Shifting left to improve speed is a desirable goal, but being first into market at the potential sacrifice of meeting requirements? It’s not for everyone.
Companies like Robinhood that pushed boundaries and broke barriers were swiftly smacked by the SEC and other regulators. Today, it’s no secret that regulators are now coming for crypto with urgency, following the collapse of FTX and rising issues with fraud. The takeaway is clear: Fast or new doesn’t always mean better—to consumers or regulators—meaning most financial services companies are wise to wait and become quick adopters rather than disrupters.
For the bank we worked with, the benefits were clear: increased speed to market, healthier and happier teams, reduced risk, and more loyal customers. But these processes also create lasting value that builds and scales over time.
While every financial service organization is different and will see benefits and changes specific to their unique needs, there are three consistent outcomes you can expect:
Risk identification and solutioning: Preserving value and avoiding costly adverse findings are made possible because of the developed ability to know what risks you’re facing, their size, and where they are. Being able to initiate proactive resolutions in real-time—without disrupting other priorities—should be the new expectation.
Embedded proactive risk management from experts: Having this proactive risk approach embedded into organizations—with a board of security and compliance experts to serve as the foundation of daily operations—can help situate and direct the organization to be better able to flag or prevent threats in real-time without conflicting interests.
Defined digital strategy, design, and build: When you need to integrate new or cloud-based technologies, design and build security guardrails within the process to mitigate risk and support your digitally-forward operating model and compliance program. This can be developed hand-in-hand with the team of experts leading the proactive risk initiatives.
In a highly regulated industry, it’s important to be pragmatic.

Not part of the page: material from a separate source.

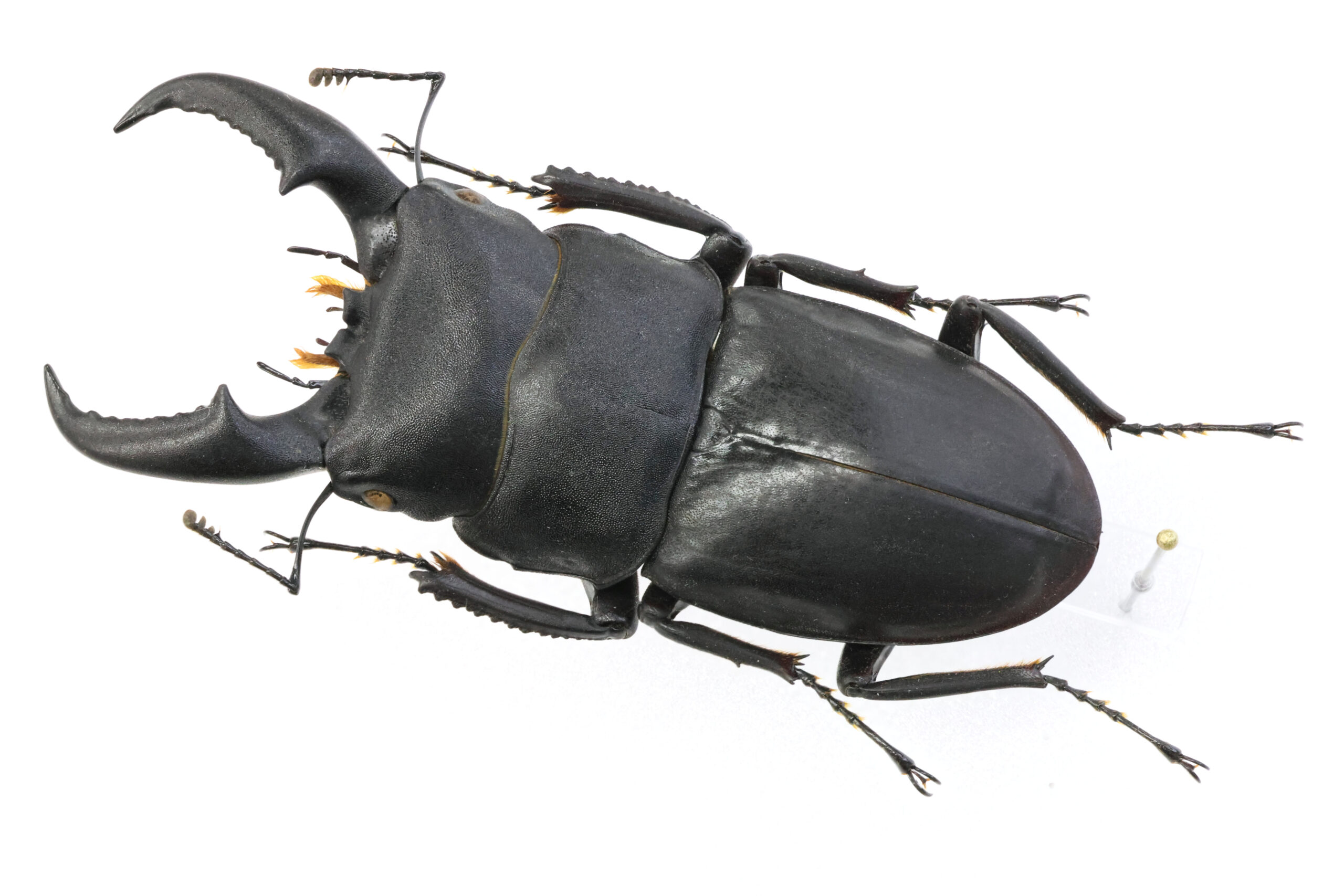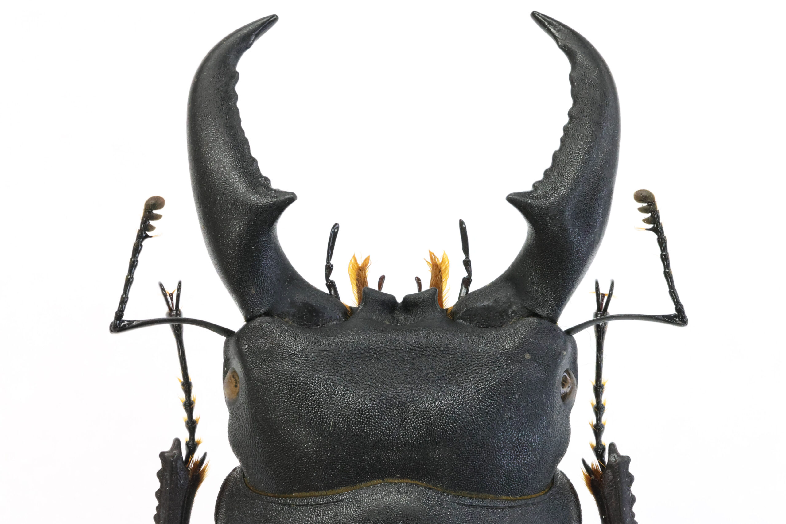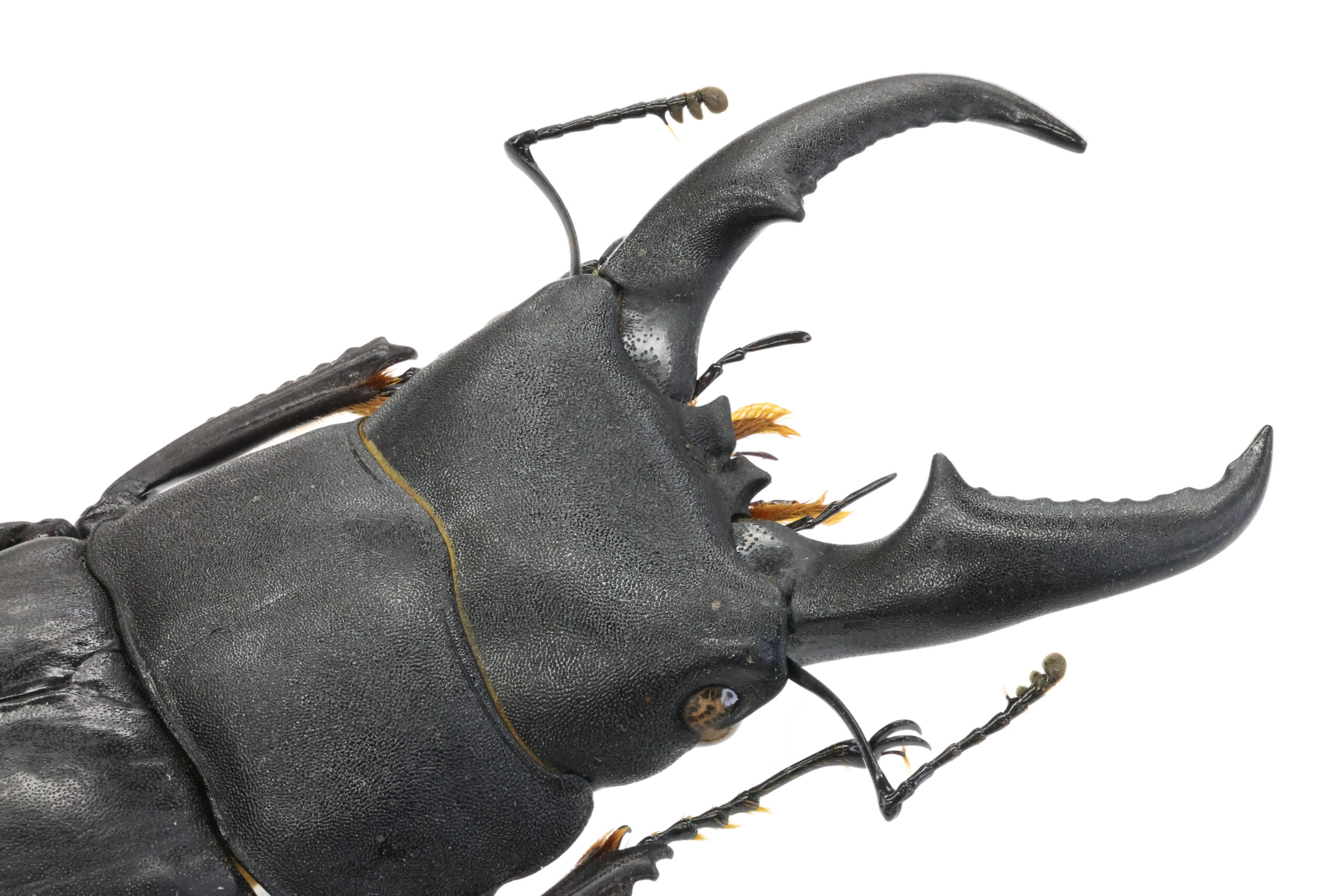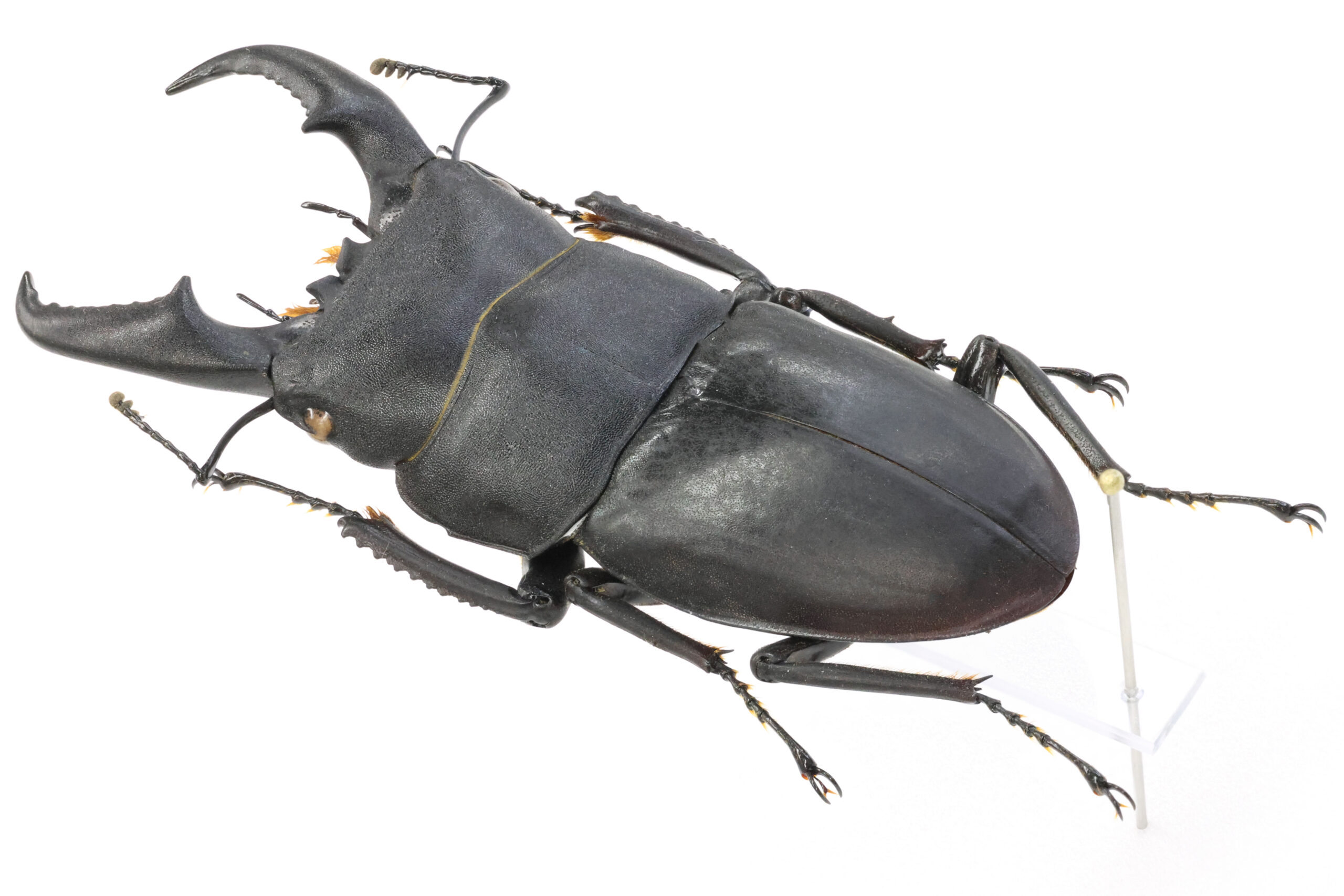 本個体を見て下さい。大アゴの発達も良く、太さもあって魅力的な個体です。艶消しはヒラタクワガタの大型個体の特徴です。チビ個体はピカピカですが、この個体を見て下さい。羽化してから少し長く生きていたように思います。上翅が擦れているため、さらに艶消し感が出ています。惚れ惚れするフォルムです。

Benchmark yourself against peers your size and in your industry. Netflix is often held up as a best-in-class example for releases, but the Netflix SDLC model shifts right on security. Their “deploy fast, fix later” approach doesn’t work in financial services because the security profile of the product and customer base is entirely different. Determine the best-in-class model that suits your company’s unique stakeholder needs and make progress toward that end state.